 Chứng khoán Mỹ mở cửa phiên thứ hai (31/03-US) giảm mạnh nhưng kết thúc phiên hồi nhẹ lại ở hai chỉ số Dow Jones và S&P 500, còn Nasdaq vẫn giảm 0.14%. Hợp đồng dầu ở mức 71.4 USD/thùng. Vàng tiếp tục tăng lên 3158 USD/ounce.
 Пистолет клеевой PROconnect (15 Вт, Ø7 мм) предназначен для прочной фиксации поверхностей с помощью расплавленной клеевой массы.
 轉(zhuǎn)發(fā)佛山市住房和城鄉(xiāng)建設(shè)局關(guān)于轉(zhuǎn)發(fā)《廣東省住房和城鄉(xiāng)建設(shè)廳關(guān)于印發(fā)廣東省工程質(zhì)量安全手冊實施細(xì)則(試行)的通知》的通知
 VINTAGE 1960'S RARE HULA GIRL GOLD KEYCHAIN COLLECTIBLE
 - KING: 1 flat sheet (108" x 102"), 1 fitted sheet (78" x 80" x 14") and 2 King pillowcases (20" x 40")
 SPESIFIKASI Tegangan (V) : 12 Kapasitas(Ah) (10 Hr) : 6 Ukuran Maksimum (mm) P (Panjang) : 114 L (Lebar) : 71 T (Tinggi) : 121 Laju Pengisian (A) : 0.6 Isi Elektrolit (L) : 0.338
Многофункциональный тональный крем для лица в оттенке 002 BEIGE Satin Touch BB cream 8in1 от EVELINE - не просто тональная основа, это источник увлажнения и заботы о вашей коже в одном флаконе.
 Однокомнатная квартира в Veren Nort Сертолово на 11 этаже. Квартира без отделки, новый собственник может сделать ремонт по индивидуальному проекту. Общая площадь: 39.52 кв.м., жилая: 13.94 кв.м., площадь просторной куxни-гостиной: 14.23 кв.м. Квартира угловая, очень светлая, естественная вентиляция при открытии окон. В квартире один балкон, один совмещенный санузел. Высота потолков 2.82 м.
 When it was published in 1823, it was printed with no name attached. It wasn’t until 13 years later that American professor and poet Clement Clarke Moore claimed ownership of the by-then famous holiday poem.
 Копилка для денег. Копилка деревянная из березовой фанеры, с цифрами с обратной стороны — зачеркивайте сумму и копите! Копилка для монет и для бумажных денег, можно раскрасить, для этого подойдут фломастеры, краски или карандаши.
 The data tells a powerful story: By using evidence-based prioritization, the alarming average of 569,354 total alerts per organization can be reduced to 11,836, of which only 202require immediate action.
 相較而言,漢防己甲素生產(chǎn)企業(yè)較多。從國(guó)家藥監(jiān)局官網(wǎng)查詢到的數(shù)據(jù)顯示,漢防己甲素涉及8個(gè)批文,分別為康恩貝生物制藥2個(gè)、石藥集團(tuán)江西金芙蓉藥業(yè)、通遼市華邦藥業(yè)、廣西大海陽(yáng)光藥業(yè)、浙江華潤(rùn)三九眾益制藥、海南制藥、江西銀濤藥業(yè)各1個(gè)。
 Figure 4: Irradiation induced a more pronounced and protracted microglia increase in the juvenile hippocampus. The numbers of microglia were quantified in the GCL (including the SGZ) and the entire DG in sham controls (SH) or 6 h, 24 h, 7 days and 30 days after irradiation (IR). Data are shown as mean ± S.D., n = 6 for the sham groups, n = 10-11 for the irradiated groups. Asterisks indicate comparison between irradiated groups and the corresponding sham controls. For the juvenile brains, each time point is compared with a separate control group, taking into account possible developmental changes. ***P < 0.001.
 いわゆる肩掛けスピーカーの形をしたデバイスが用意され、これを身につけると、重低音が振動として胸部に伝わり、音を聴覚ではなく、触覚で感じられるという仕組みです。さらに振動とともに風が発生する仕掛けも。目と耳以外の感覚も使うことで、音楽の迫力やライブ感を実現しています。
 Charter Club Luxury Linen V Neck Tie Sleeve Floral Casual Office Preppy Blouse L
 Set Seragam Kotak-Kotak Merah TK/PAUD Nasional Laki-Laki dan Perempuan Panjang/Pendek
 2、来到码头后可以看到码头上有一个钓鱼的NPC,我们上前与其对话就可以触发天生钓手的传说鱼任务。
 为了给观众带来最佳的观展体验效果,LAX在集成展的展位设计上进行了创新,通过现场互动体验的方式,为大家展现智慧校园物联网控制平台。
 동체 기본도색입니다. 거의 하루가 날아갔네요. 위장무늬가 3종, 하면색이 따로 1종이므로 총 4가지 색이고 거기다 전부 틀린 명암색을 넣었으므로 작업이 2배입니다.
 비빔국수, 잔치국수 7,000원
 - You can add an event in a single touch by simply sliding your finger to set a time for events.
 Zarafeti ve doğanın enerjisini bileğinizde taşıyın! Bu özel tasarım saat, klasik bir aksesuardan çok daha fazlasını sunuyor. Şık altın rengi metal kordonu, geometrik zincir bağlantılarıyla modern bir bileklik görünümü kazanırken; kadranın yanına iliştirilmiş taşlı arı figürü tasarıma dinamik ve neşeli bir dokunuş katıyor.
========
# What the exercise asks
Looking at the listing above, which lines hold "Panjang"? Copy every such line.

# Exercise answer
 SPESIFIKASI Tegangan (V) : 12 Kapasitas(Ah) (10 Hr) : 6 Ukuran Maksimum (mm) P (Panjang) : 114 L (Lebar) : 71 T (Tinggi) : 121 Laju Pengisian (A) : 0.6 Isi Elektrolit (L) : 0.338
 Set Seragam Kotak-Kotak Merah TK/PAUD Nasional Laki-Laki dan Perempuan Panjang/Pendek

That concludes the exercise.